In the late 90′s I headed up technology for an investment banking firm doing mergers and acquisitions (M&A). Our success attracted Smith Barney and we were acquired in 2001. I learned a lot about compliance and regulation while integrating into Smith Barney. Shortly after 9/11, the Patriot Act went into full effect. As a bank, we were required to know who our customers were. The regulation was called ‘Know Your Customer‘ – KYC for short. I won’t try to remember all the details, but essentially KYC meant that you had to have some sort of identification process and a “file” on each of your customers. It was designed to avoid anonymous banking transactions from funneling money to the bad guys.

Today I encountered ‘Know Your Customer’ in a different context. Late last week an employment offer was accepted by an individual who’ll be joining us shortly. As we do with all new hires, at blist we buy whatever gear you need to do your job well. When a candidate accepts a position, I just ask them to send me the laundry list of equipment they need to be here the day they show up. There’s no judgment. Do you want a Mac? Fine. You want a PC running Vista? No problem. Do you want a laptop with VMware? Ok. You need a 24″ monitor? That’s fine too.

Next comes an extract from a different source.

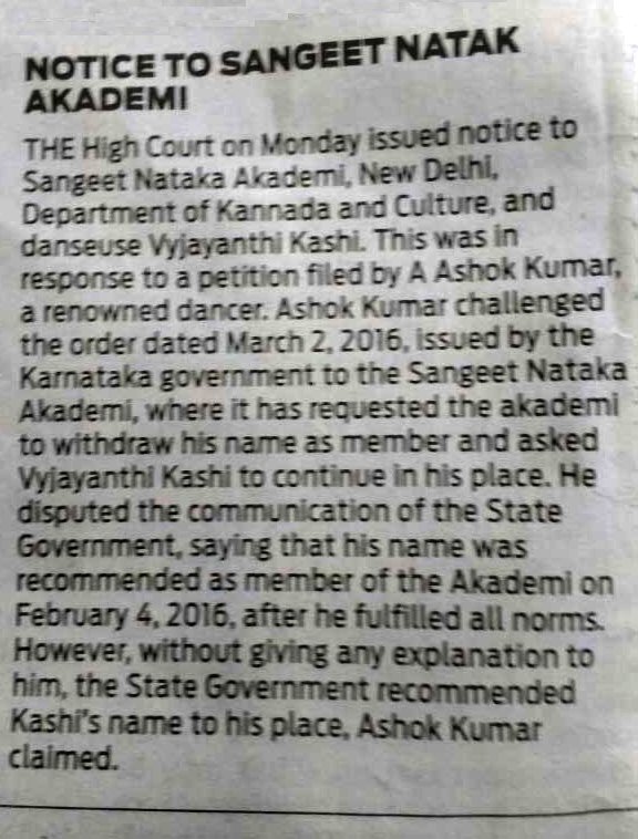 | Public notice to Sangeet Natak Akademi September 22, 2016 Announcement in The Indian Express dated Sept 21, 2016 about dispute regarding Karnataka nominee. ![]() Post your comments Pl provide your name and email id along with your comment. All appropriate comments posted with name and email id in the blog will also be featured in the site. |

The new hire wants what looks to me like a pretty vanilla, standard issue HP laptop. He courteously sent me a link to buy it online from HP. When would you think most computers are purchased? Yep, you guessed it – just before a new hire joins. I know this in part from my job heading up technology at the M&A firm. Twice we bought 400 PC’s to re-equip everyone with new hardware, but other than that we would always buy whenever we hired someone new. The PC manufacturers including HP have to know this. So how disappointing is it that HP’s online ordering system tells me that the vanilla, standard issue laptop I’m ordering will be released to build on 4/21/08 – two weeks from today. Adding for build time (2-3 days) and ship time (2-3 days), that laptop isn’t going to arrive within the customary 2-weeks notice period that people give when leaving their old job.

Maybe it’s just me, but it seems that the table stakes in the PC business are being able to have a computer delivered within 10 or 11 of days of being ordered. It seems really obvious. If most people give two weeks notice and most companies buy PCs when new employees join, then PC manufacturers would figure out how to hit this goal.

When you try to buy something on Amazon on 12/20 it tells you, “You have 1 day, 13 hours and 9 minutes to order if you want to receive your gift before Christmas.” Amazon gets KYC. HP not so much.

 

3 Responses to Know Your Customer

  1. AhmedF says:

    Curious – is this with Peryn or not? I had to wait (ordered via Dell) roughly 4 weeks total because of the CPU – if I opted for the previous gen (Peryn just came out this year) it would have been in my hands in 3 days.

  2. Kevin says:

    I ordered a custom built Dell last month, and I had it within a week. Great service, great computer. I like HP too (I’m on one now), but more than 2 weeks seems extreme!

  3. Paul Carney says:

    Dell always tells us 2-3 weeks, then ships it 2 days later. This has always happened with us for desktops, notebooks and servers. 2 notebooks and 2 servers just about 3 weeks ago.

    I think they all tend to underpromise and overdeliver, but that doesn’t help the person trying to bring on a new employee!